## TASK
Skip the pictures. Output only the lines below starting at the line with "Reading comprehension worksheets" and ending at the line with "A relief depicting", both ends included, exactly as they are.

## DATA RECORDS
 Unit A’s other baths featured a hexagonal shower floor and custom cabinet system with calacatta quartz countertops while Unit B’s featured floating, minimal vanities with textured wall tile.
--
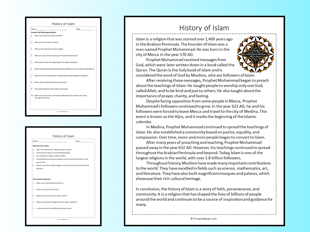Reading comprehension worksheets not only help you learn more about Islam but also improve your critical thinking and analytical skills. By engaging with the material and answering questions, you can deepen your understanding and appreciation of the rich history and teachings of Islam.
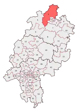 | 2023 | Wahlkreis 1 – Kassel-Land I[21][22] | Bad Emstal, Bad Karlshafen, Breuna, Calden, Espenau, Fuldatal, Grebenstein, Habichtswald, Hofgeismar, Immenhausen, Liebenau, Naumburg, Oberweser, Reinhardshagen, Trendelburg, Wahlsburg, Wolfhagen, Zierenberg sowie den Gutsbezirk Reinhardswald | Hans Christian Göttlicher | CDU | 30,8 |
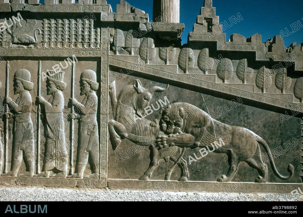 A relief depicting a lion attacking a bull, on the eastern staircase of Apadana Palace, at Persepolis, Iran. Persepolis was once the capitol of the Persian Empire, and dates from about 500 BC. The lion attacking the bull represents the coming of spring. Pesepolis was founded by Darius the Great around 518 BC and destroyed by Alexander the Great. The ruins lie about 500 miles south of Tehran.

## SOLUTION
Reading comprehension worksheets not only help you learn more about Islam but also improve your critical thinking and analytical skills. By engaging with the material and answering questions, you can deepen your understanding and appreciation of the rich history and teachings of Islam.
 | 2023 | Wahlkreis 1 – Kassel-Land I[21][22] | Bad Emstal, Bad Karlshafen, Breuna, Calden, Espenau, Fuldatal, Grebenstein, Habichtswald, Hofgeismar, Immenhausen, Liebenau, Naumburg, Oberweser, Reinhardshagen, Trendelburg, Wahlsburg, Wolfhagen, Zierenberg sowie den Gutsbezirk Reinhardswald | Hans Christian Göttlicher | CDU | 30,8 |
 A relief depicting a lion attacking a bull, on the eastern staircase of Apadana Palace, at Persepolis, Iran. Persepolis was once the capitol of the Persian Empire, and dates from about 500 BC. The lion attacking the bull represents the coming of spring. Pesepolis was founded by Darius the Great around 518 BC and destroyed by Alexander the Great. The ruins lie about 500 miles south of Tehran.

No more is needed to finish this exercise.